TASK DETAILS: The reply should match the listing below character for character, except that no image is carried over.

----- INFORMATION SHOWN

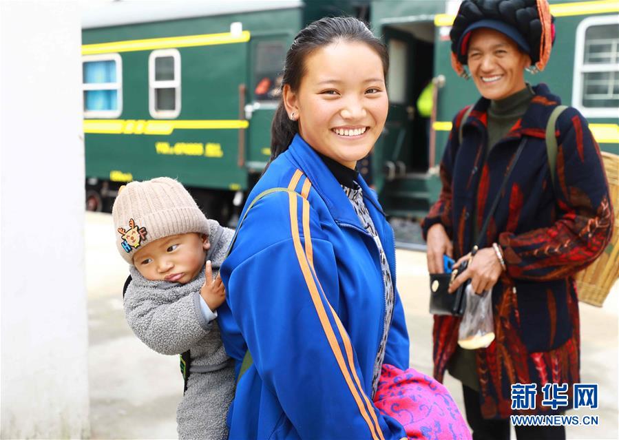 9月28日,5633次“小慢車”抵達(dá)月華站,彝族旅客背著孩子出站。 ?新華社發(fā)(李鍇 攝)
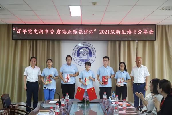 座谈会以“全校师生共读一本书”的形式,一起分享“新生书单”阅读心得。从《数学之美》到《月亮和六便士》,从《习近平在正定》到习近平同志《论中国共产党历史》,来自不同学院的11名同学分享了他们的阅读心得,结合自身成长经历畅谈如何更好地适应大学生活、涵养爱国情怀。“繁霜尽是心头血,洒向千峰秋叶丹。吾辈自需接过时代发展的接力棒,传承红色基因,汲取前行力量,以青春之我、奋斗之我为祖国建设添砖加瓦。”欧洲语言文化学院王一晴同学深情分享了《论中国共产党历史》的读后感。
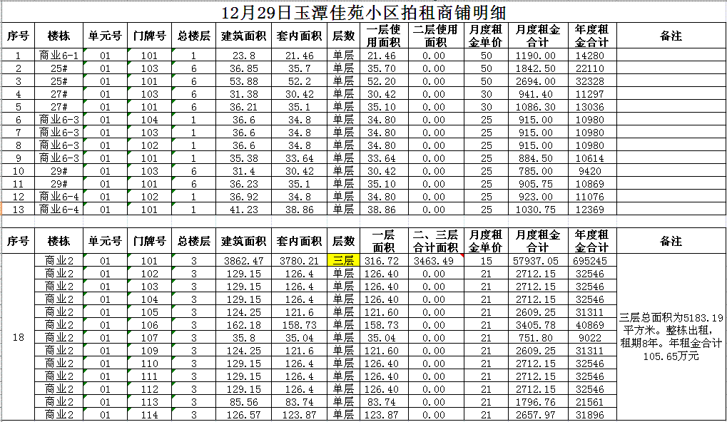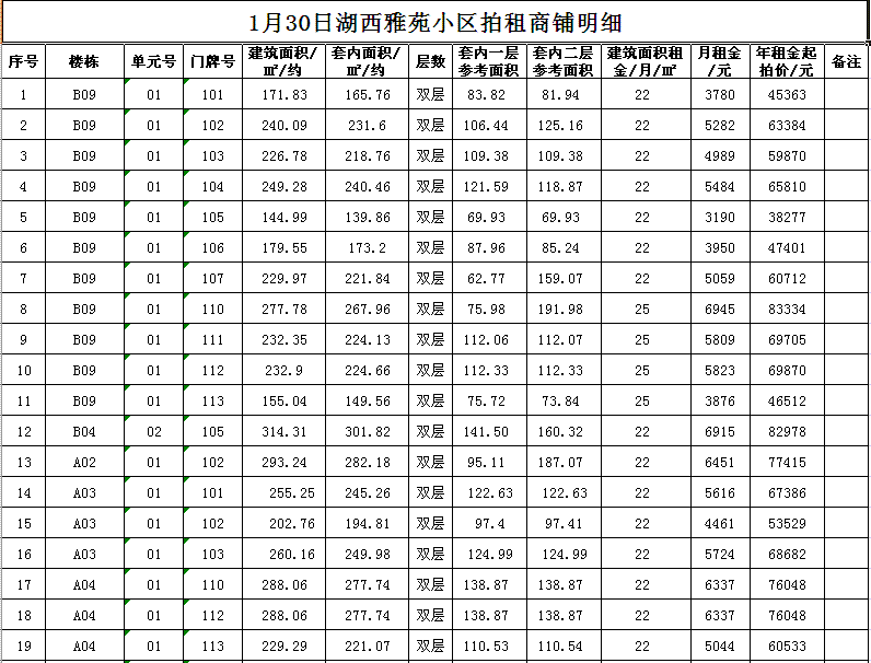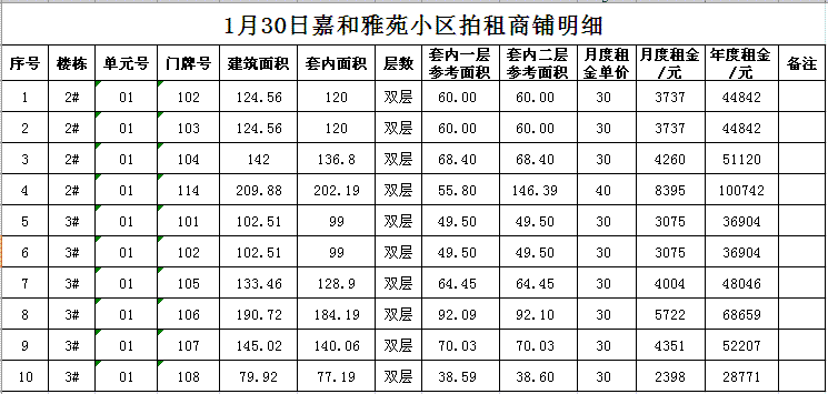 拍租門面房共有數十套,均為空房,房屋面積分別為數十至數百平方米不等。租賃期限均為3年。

----------

EXERCISE OUTPUT:
 9月28日,5633次“小慢車”抵達(dá)月華站,彝族旅客背著孩子出站。 ?新華社發(fā)(李鍇 攝)
 座谈会以“全校师生共读一本书”的形式,一起分享“新生书单”阅读心得。从《数学之美》到《月亮和六便士》,从《习近平在正定》到习近平同志《论中国共产党历史》,来自不同学院的11名同学分享了他们的阅读心得,结合自身成长经历畅谈如何更好地适应大学生活、涵养爱国情怀。“繁霜尽是心头血,洒向千峰秋叶丹。吾辈自需接过时代发展的接力棒,传承红色基因,汲取前行力量,以青春之我、奋斗之我为祖国建设添砖加瓦。”欧洲语言文化学院王一晴同学深情分享了《论中国共产党历史》的读后感。
 拍租門面房共有數十套,均為空房,房屋面積分別為數十至數百平方米不等。租賃期限均為3年。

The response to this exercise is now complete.